The only distinctions from MAE are:

The difference between prediction and target is squared.
2 is in the averaging denominator.

MAE and MSE: Why Do We Use Them So Much?

There are many more regression metrics we can use as cost function for measuring the performance of models that try to solve regression problems (estimating the value). MAE and MSE seem to be relatively simple and very popular.

Why Are There So Many Metrics?

Each metric treats the differences between observations and expected results in a unique way. The distance between ideal result and predictions have a penalty attached by metric, based on the magnitude and direction in the coordinate system. For example, a different metric such as RMSE penalizes all large errors more heavily based on the magnitude, which can make a model prioritize reducing large deviations more aggressively.

So how do MAE and MSE treat the differences between points? To check, let’s calculate the cost for different weight values:

This table presents the errors of many models created with different weight parameters. I calculated the cost of each model with both MAE and MSE metrics.

Here’s how it displays on graphs:

You can observe that:

MAE doesn’t add any additional weight to the distance between points. The error growth is linear.
MSE errors grow quadratically with distance. It’s a metric that adds a massive penalty to points that are far away and a minimal penalty for points that are close to the expected result.

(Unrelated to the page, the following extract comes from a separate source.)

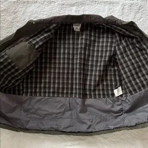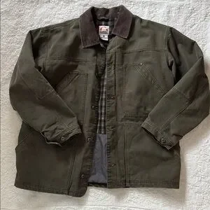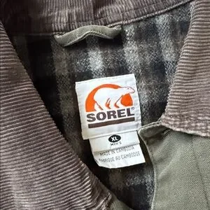 Stylish brown chore jacket with multiple pockets. Perfect for casual wear. This jacket is in a dark olive green and is lined in a soft wool flannel interior. The chore jacket has multiple pockets on the exterior and two at the interior, one being a zippered security pocket. Sturdy cotton canvas, and only shows minor signs of wear. No staining or tears. Brown corduroy collar. The sleeves are not lined in the wool, but in a polyester. Pit to pit measures approximately 27 inches. Total length measures approximately 32 inches. buttons up the front with metal Sorell logo buttons, and there are buttons at the cuffs.

The error curve has a parabolic shape.

Additionally, by checking various weight values, it’s possible to find that the parameter for error is equal to zero. If the w = 2.0 is used to build the model, then the predictions look like this:

When predictions and expected results overlap, then the value of each reasonable cost function is equal to zero.

Built In Expert ExplainersAnscombe’s Quartet: What Is It and Why Do We Care?

Should I Use MSE or MAE?

It’s high time to answer the question about which set of parameters, orange or lime, creates a better approximation for prices of Cracow apartments. Let’s use MSE to calculate the error of both models and see which one is lower.

# Import libraries
import numpy as np
import matplotlib.pyplot as plt
import pandas as pd


# Linear model

def predict(x, parameters):

    return parameters["w"] * x + parameters["b"]

# Load data from .csv
df_data = pd.read_csv("cracow_apartments.csv", sep=",")

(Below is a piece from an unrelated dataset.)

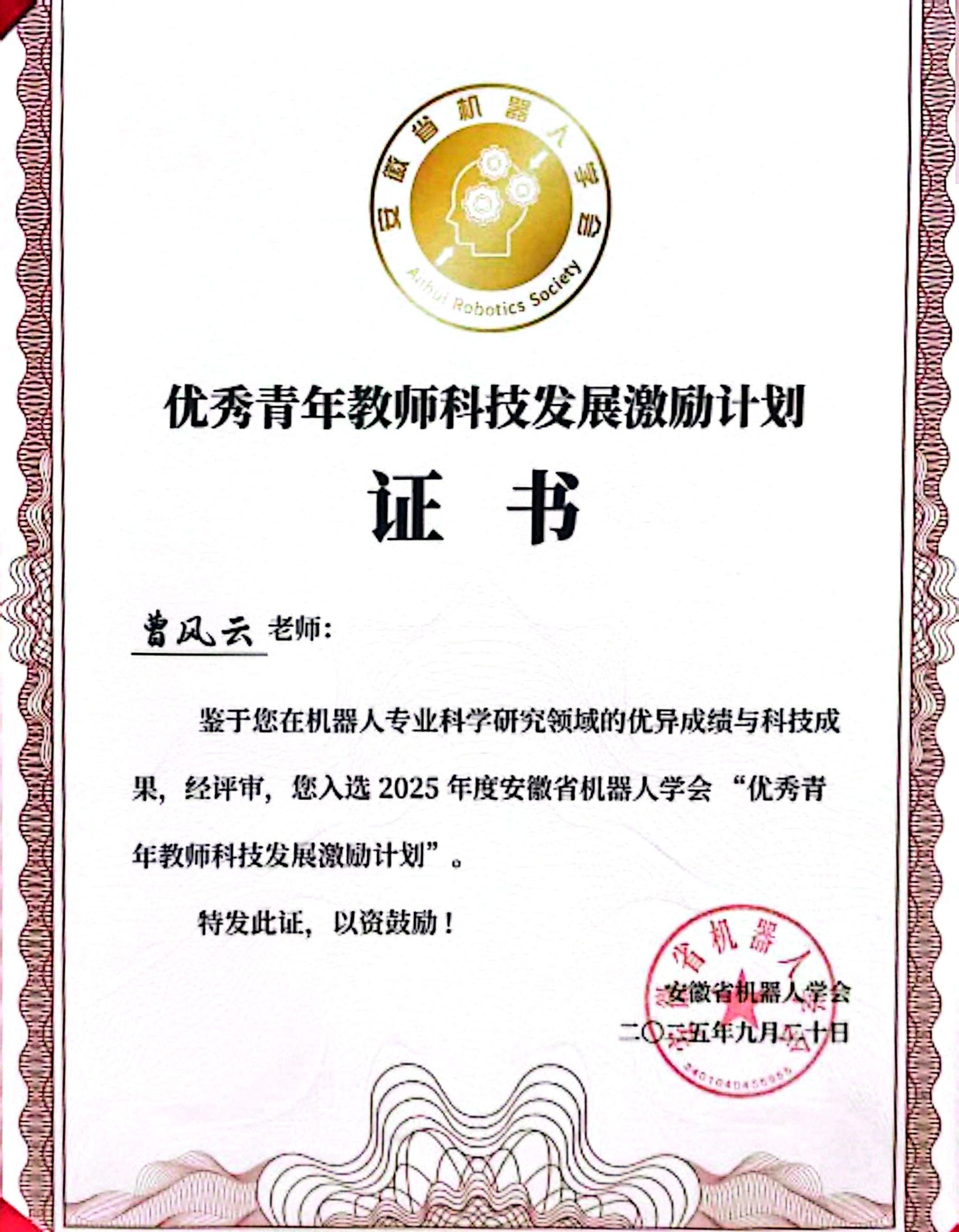 近日,第三届安徽省机器人大会暨智能机器人产业生态发展论坛在安徽工程大学召开,会上颁发了安徽省机器人学会2025年度奖励。澳门十大网投平台排行曹风云老师荣获优秀青年教师发展激励计划奖励。

# Used features and target value
features = ["size"]
target = ["price"]

# Slice Dataframe to separate feature vectors and target value
X, y = df_data[features].to_numpy(), df_data[target].to_numpy()

# Parameter sets
orange_parameters = {'b': 200, 'w': np.array([3.0])}
lime_parameters = {'b': -160, 'w': np.array([12.0])}

# Make prediction for every data sample
orange_pred = [predict(x, orange_parameters) for x in X]
lime_pred = [predict(x, lime_parameters) for x in X]

# Model error
mse_orange_error = mse(orange_pred, y)
mse_lime_error = mse(lime_pred, y)

Parameters for testing are stored in separate Python dictionaries. Notice that both models use bias this time. We use function predict (x, parameters) for the same data with different parameters. The resulting predictions named orange_pred and lime_pred became an argument for mse (predictions, targets) function, which returned error value for each model separately.

The results are as follows:

orange: 4909.18
lime: 10409.77

This means orange parameters create a better model as the cost is smaller.

Frequently Asked Questions

What is a cost function in linear regression?

A cost function in linear regression and machine learning measures the error between a machine learning model’s predicted values and the actual values, helping evaluate and optimize model performance.

What is the difference between MAE and MSE?

MAE (Mean Absolute Error) is a cost function that measures the average absolute difference between predictions and actual results. MSE (Mean Squared Error) is a cost function that squares the differences between predicted and actual values, penalizing larger errors more heavily.